Netgate Discussion Forum
    • Categories
    • Recent
    • Tags
    • Popular
    • Users
    • Search
    • Register
    • Login

    pfSense bridge mode

    Scheduled Pinned Locked Moved General pfSense Questions
    16 Posts 4 Posters 2.7k Views
    Loading More Posts
    • Oldest to Newest
    • Newest to Oldest
    • Most Votes
    Reply
    • Reply as topic
    Log in to reply
    This topic has been deleted. Only users with topic management privileges can see it.
    • A
      avihu
      last edited by

      Hello everyone,
      I'm trying to add an external firewall to my system (pfSense with snort IPS)
      Right now when I define the firewall as a bridge ,I connected the modem to the pfsense INPUT port and the OUTPUT port to the Mikrotik Router.
      The Mikrotik Router is responsible for dialing through eth13 and PPPoE Client.
      The Trafic come from the modem to the pfsense and then come to the mikrotik, but pfsense failed to block.

      I try to connect the same pfsense bridge to an internal network it works fine, my guess is because it's connected directly to the modem.
      Is there a way to fix the situation?

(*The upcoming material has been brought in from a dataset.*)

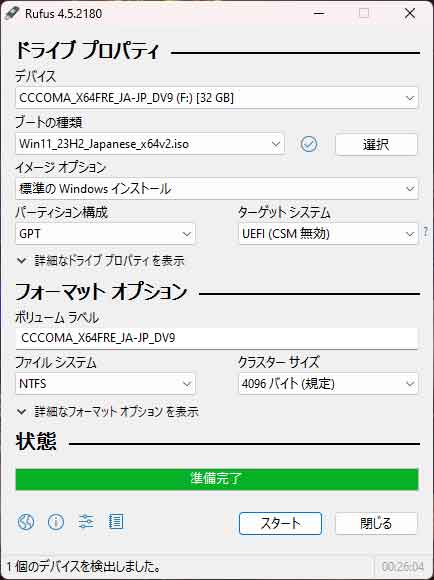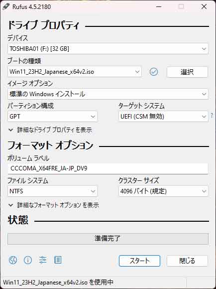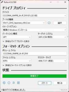 ブート用のUSB作成開始します

      DaddyGoD 1 Reply Last reply Reply Quote 0
      • DaddyGoD
        DaddyGo @avihu
        last edited by

        @avihu

        Hi,

        it might help:
        https://docs.netgate.com/pfsense/en/latest/bridges/index.html
        https://forum.netgate.com/topic/59689/snort-and-transparent-firewall

        BTW:
        forget this IN / OUT stuff, everything is called by its name 😉

        Cats bury it so they can't see it!
        (You know what I mean if you have a cat)

        A 1 Reply Last reply Reply Quote 0
        • A
          avihu @DaddyGo
          last edited by

          @daddygo
          hi, thanks for the reply....
          The problem is different as far as I understand,
          The pfsense server sees the in/out addresses but fails to block them.
          When I posted the issue in another forum, someone replied that it was related to PPPoE:

          "IP over Ethernet (which the firewall can handle in bridge mode) is not the same as IP over PPP over Ethernet. It might be complicated to block some IP payload without breaking the PPP(oE) functionality."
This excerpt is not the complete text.